Give her the gift of words, for writers are talkative people, and they are
verbose in their thanks. Let her know that you’re behind her every step of the
way, for the lines between fiction and reality are fluid.
She’ll give you a chance.
Don’t lie to her. She’ll understand the
syntax behind your words. She’ll be disappointed by your lies, but a girl who
writes will understand. She’ll understand that sometimes even the greatest
heroes fail, and that happy endings take time, both in fiction and reality.
She’s realistic. A girl who writes isn’t impatient; she will understand your
flaws. She will cherish them, because a girl who writes will understand plot.
She’ll understand that endings happen for better or for worst.
A girl who writes will not expect perfection
from you. Her narratives are rich, her characters are multifaceted because of
interesting flaws. She’ll understand that a good book does not have perfect
characters; villains and tragic flaws are the salt of books. She’ll understand
trouble, because it spices up her story. No author wants an invincible hero; the
girl who writes will understand that you are only human.
Be her compatriot, be her darling, her love,
her dream, her world.
If you find a girl who writes, keep her
close. If you find her at two AM, typing furiously, the neon gaze of the light
illuminating her furrowed forehead, place a blanket gently on her so that she
does not catch a chill. Make her a pot of tea, and sit with her. You may lose
her to her world for a few moments, but she will come back to you, brimming
with treasure. You will believe in her every single time, the two of you
illuminated only by the computer screen, but invincible in the darkness.
She is your Shahrazad. When you are afraid of
the dark, she will guide you, her words turning into lanterns, turning into
lights and stars and candles that will guide you through your darkest times.
She’ll be the one to save you.
She’ll whisk you away on a hot air balloon,
and you will be smitten with her. She’s mischievous, frisky, yet she’s quiet
and when she has to kill off a lovely character, when she cries, hold her and
tell her that it will be alright.
You will propose to her. Maybe on a boat in
the ocean, maybe in a little cottage in the Appalachian Mountains. Maybe in New
York City. Maybe Chicago. Baltimore. Maybe outside her publisher’s office.

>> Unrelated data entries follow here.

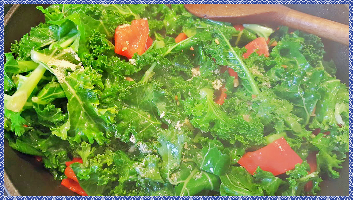케일은 숨이 죽고 열로인해서 먹기좋은 식감으로 변했어요. 완성입니다. 접시에 담아주세요.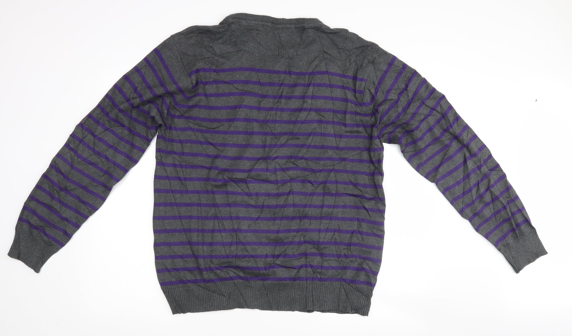 Cedar Wood State Mens Grey Striped Pullover Jumper Size L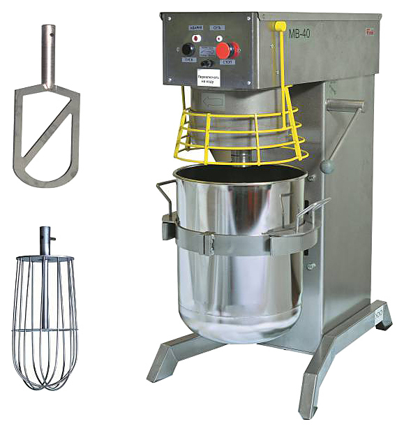 Планетарный миксер ТОРГМАШ МВ-40 используется на предприятиях общественного питания, торговли, в пекарнях и кондитерских для взбивания кондитерских смесей, замешивания жидкого теста, взбивания картофельного пюре, мусса и самбука. Корпус выполнен из стали с покрытием порошковой краской Машина упаковывается в деревянный ящик.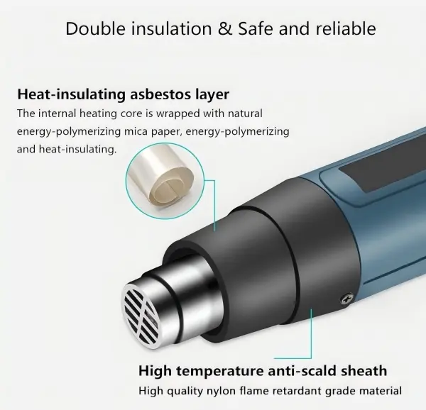 This heat gun features an LCD digital display for real-time temperature monitoring. It offers adjustable temperature settings from 140℉-1202℉ (60℃-650℃). Two modes provide flexible temperature and airflow control, ideal for various DIY and home projects. The dual heating structure ensures fast and even heating with stable airflow output.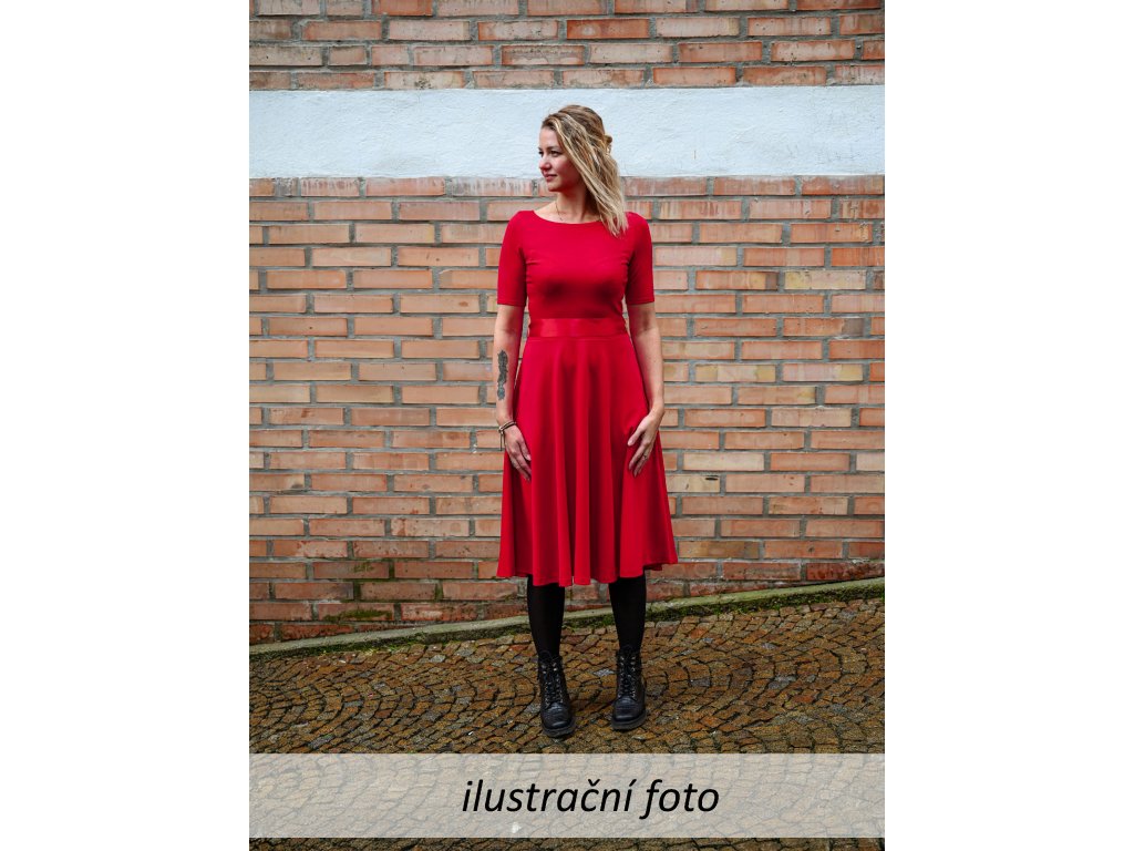 Dámské šaty s půlkolovou sukní. Jsou přestřižené v pase, lehce projmuté, s prodlouženým zadním dílem. Pas je oproti předchozímu střihu o kousek snížený, sukně delší. Mají mírný lodičkový výstřih, v pase poutka na stuhu (můžou se lehce odstranit). Dvě kapsy v bocích. Rukávek je delší, ale stále nad loket (s možností zkrácení na míru).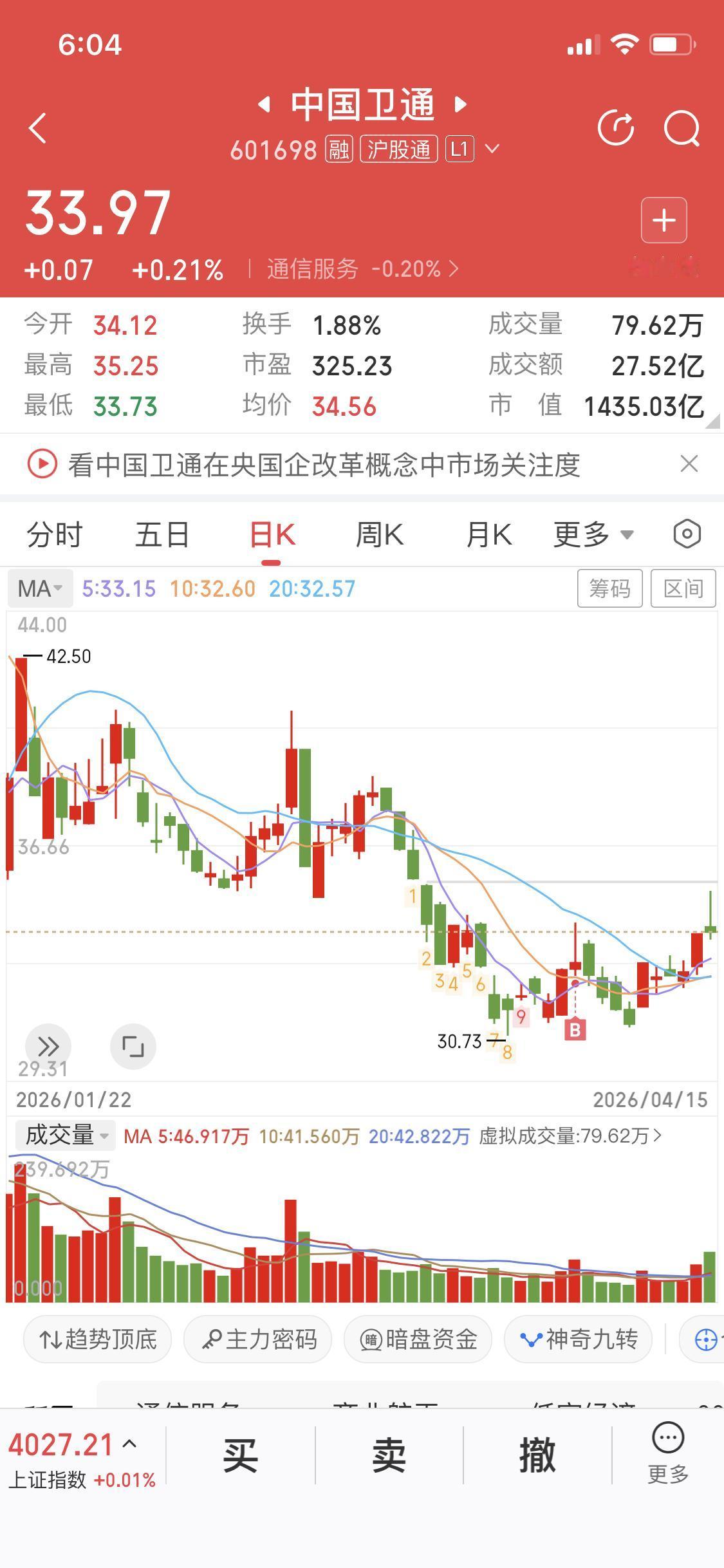 今天中国卫通收一根上引线 行情结束了吗 我只把它当作试盘线 目前我已经浮盈了 稳稳拿好 中国卫通上方抛压有的 这不代表不会拉升 主力试探几次之后 猛然拉升[笑哭]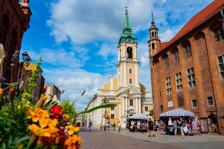 06-07-2022: Fascinating facades in Old Town. Restaurant gardens in Torun Old Town. Florists in the market. Old architecture in city Torun, Poland.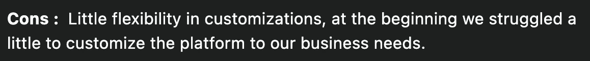 Jednak w oprogramowaniu brakuje funkcji dostosowywania, które nie pozwalają na tworzenie markowego doświadczenia dla klientów. W oprogramowaniu brakuje również funkcji, które mogą ułatwić skalowanie operacji.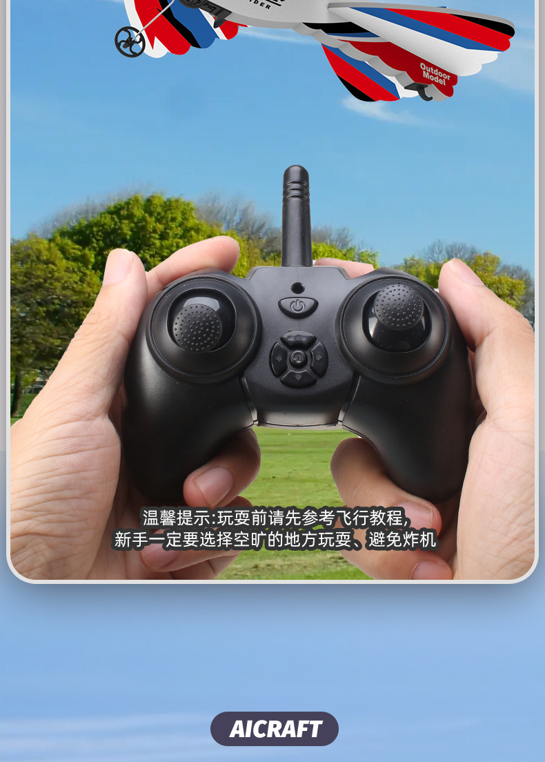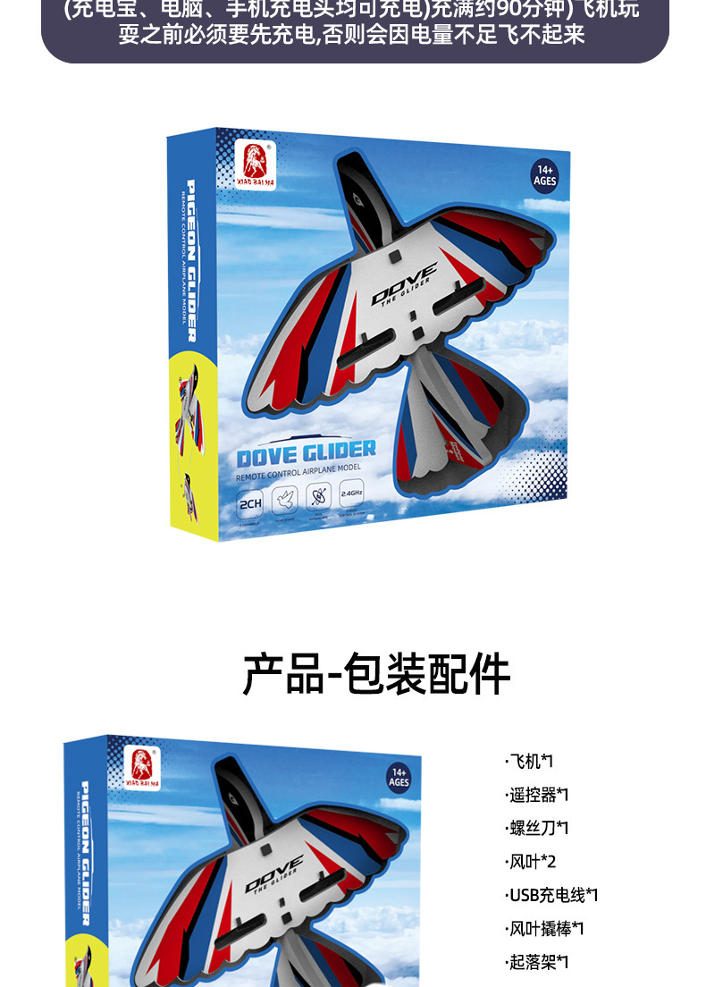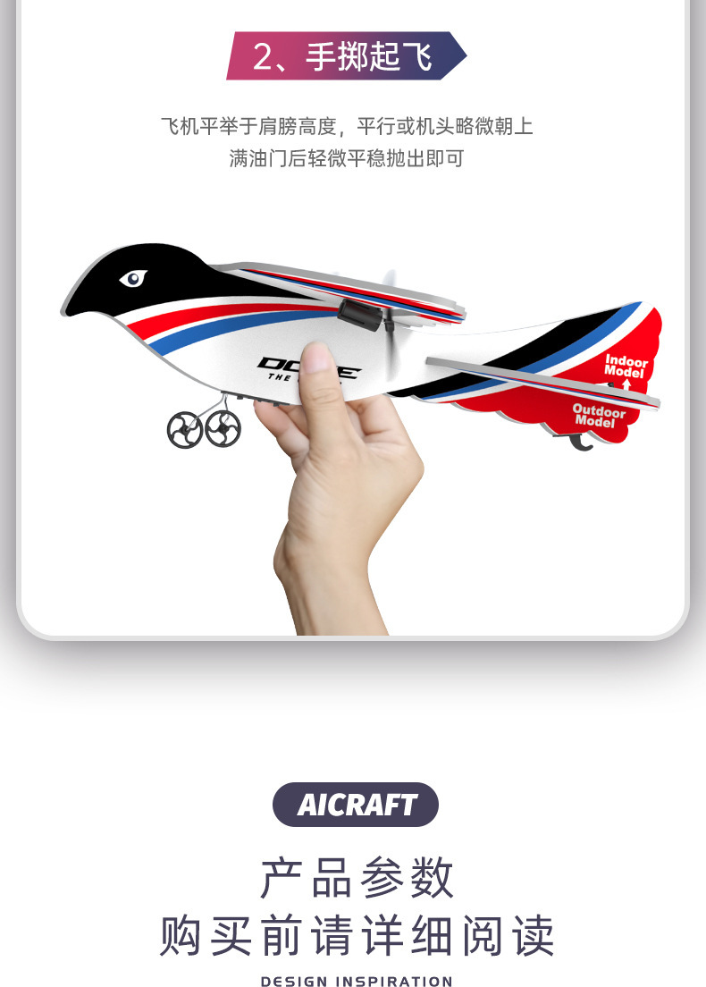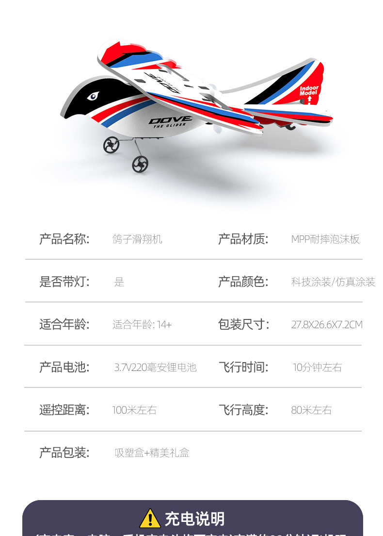 产品功能:室内/外模式,2通滑翔遥控飞机(上升,下降,左转,右转),可调节室内外。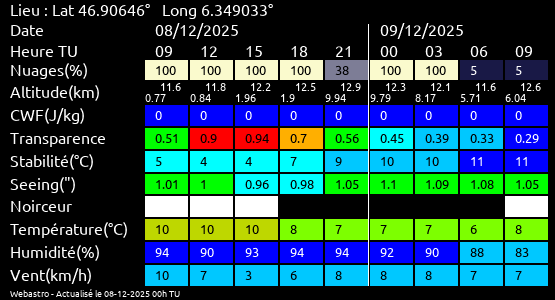 Ces paramètres sont fournis pour la nuit suivante de 12 h TU du jour en cours à 12h TU du jour suivant par pas de 3h.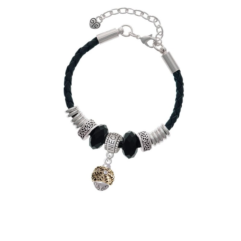 Delight Jewelry Goldtone Snowflake with Crystal Spinner - Niece Celtic Knot Leather Bead Bracelet, 7"+2" Extender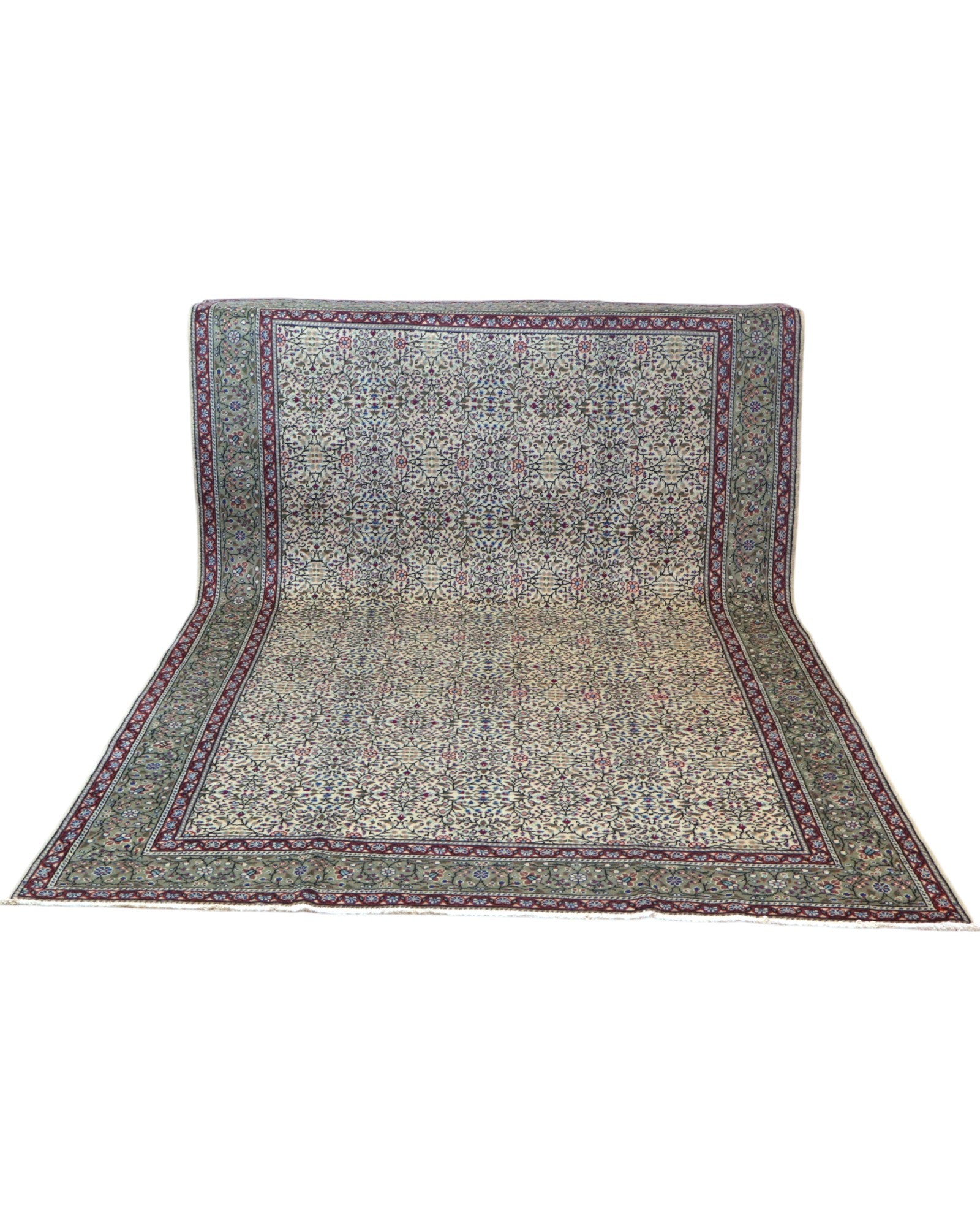 Il design si caratterizza per un fondo chiaro arricchito da motivi floreali e geometrici ripetuti, in tonalità delicate di rosa, blu e verde, incorniciati da bordure verdi e rosse. L’insieme armonioso e raffinato dona al tappeto un aspetto elegante e intramontabile.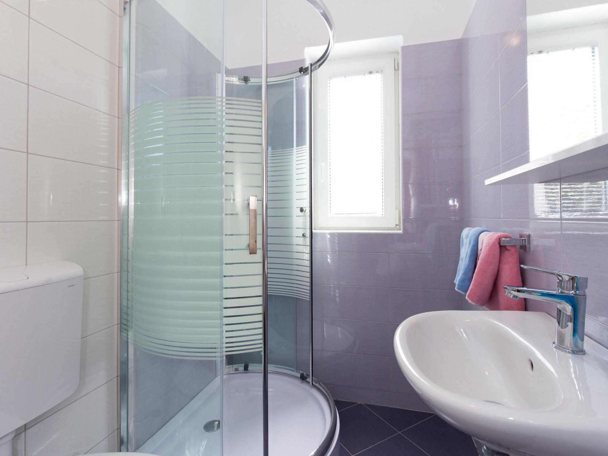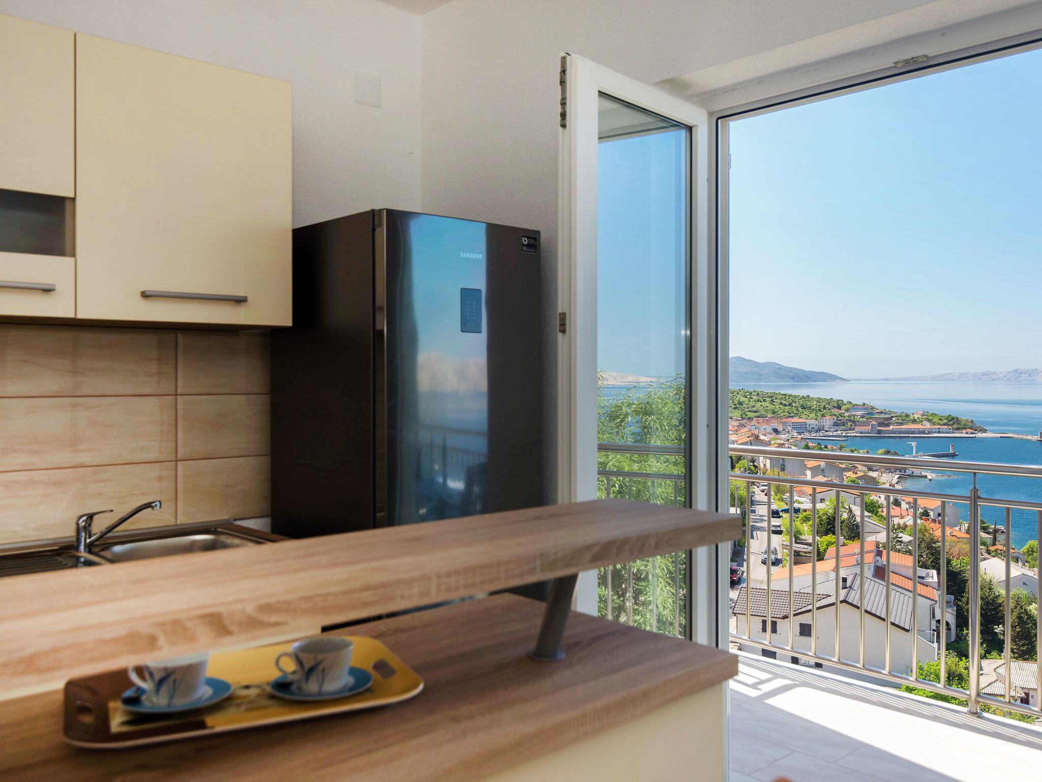 "Suzana", 2-room apartment 55 m2 on 1st floor. Living/dining room with 1 sofabed and satellite TV (flat screen), air conditioning. Exit to the balcony. 1 room with 1 double bed. Open kitchen (oven, 4 ceramic glass hob hotplates, toaster, kettle, freezer, electric coffee machine). Shower/WC. Air-conditioning (extra). No heating option. Balcony. Balcony furniture. Beautiful view of the sea. Facilities: iron. Internet (WiFi, free). Please note: non-smokers only. Max. occupancy: 2 adults, 1 child up to 18 years old.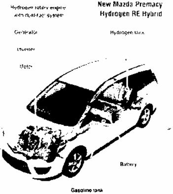 Mazda 5Hydrogen RE Hybrid reprezinta o abordare noua pentru motorul rotativ. Acest model beneficiaza de un motor rotativ cu alimentare combinata pe hidrogen si benzina, dispus transversal, ce dezvolta cu aproximativ 40% mai multa putere decât cel ce echipeaza modelul RX-8 Hydrogen RE, rezultând astfel o performanta mai buna la accelerare. Noul motor pe hidrogen a necesitat si dezvoltarea unui nou sistem hibrid care sa-i faciliteze functionarea. Motorul rotativ pe hidrogen conventional prezenta un cuplu mic si o eficienta scazuta la turatii mici. Noul sistem depasesete aceste neajunsuri si extindeautonomia pentru alimentarea cu hidogen la aproximativ 200 km, de doua ori mai buna decât pentru modelul RX-8.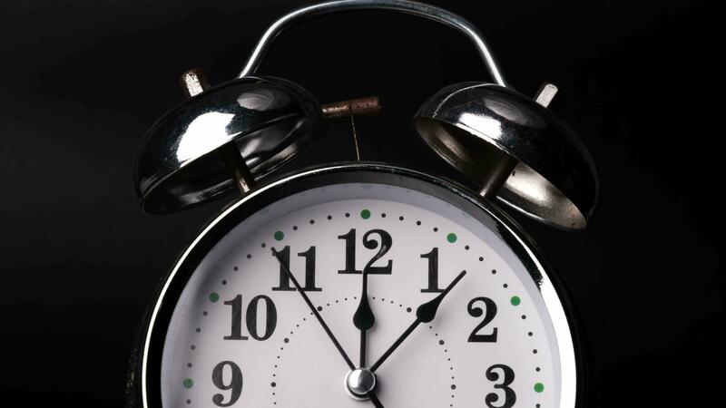 Close-up of a retro alarm clock face in time lapse on black background. Retro alarm clock running fast. Clock hands move fast, the beginning of time Pro Video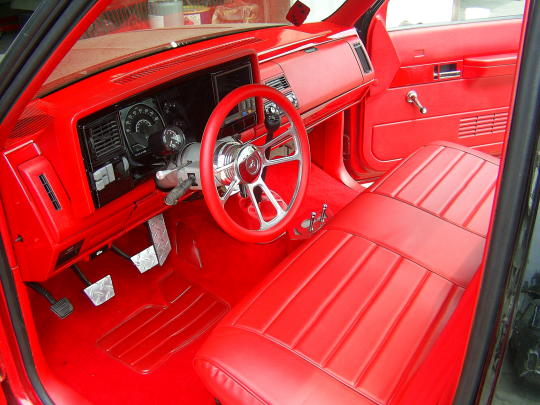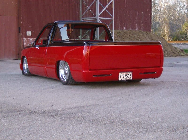 GMC full phantom,smoothe bumper,shaved tailgate,shaved doors, shaved antenna, shaved stake pockests, caddy lights in roll pan, two tone-Mercedes Black,torch red mixed around,shaved taillights, Front and back wheel tubs...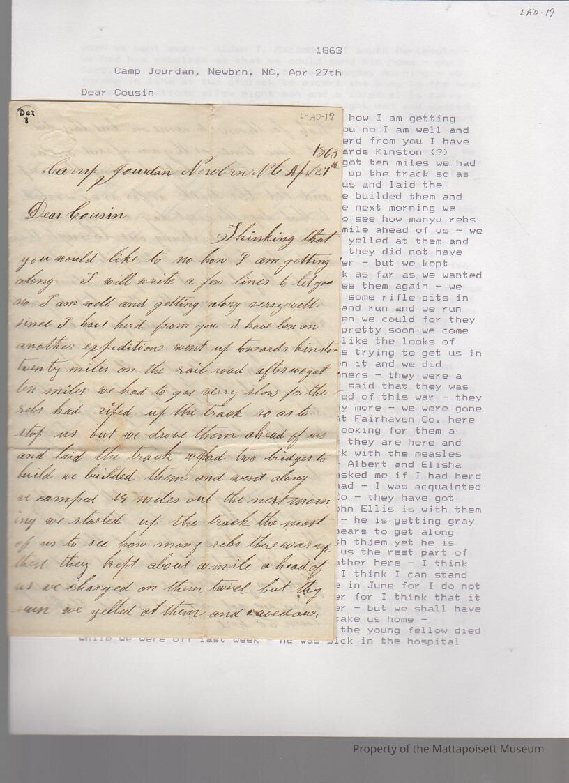 Letter to "Dear Cousin" from Andrew Dexter at Camp Jourdan, Newbrn, NC. Transcript.Collection

Because she’s radiant, wherever she goes. Maybe even outside of a cinema where
the two of you kiss in the rain. She’ll say that it is overused and clichéd,
but the glint in her eyes will tell you that she appreciates it all the same.
You will smile hard as she talks a mile a
second, and your heart will skip a beat when she holds your hand and she will
write stories of your lives together. She’ll hold you close and whisper secrets
into your ears. She’s lovely, remember that. She’s self made and she’s brilliant.
Her names for the children might be terrible, but you’ll be okay with
that. A girl who writes will tell your children fantastical stories.
Because that is the best part about a girl
who writes. She has imagination and she has courage, and it will be enough.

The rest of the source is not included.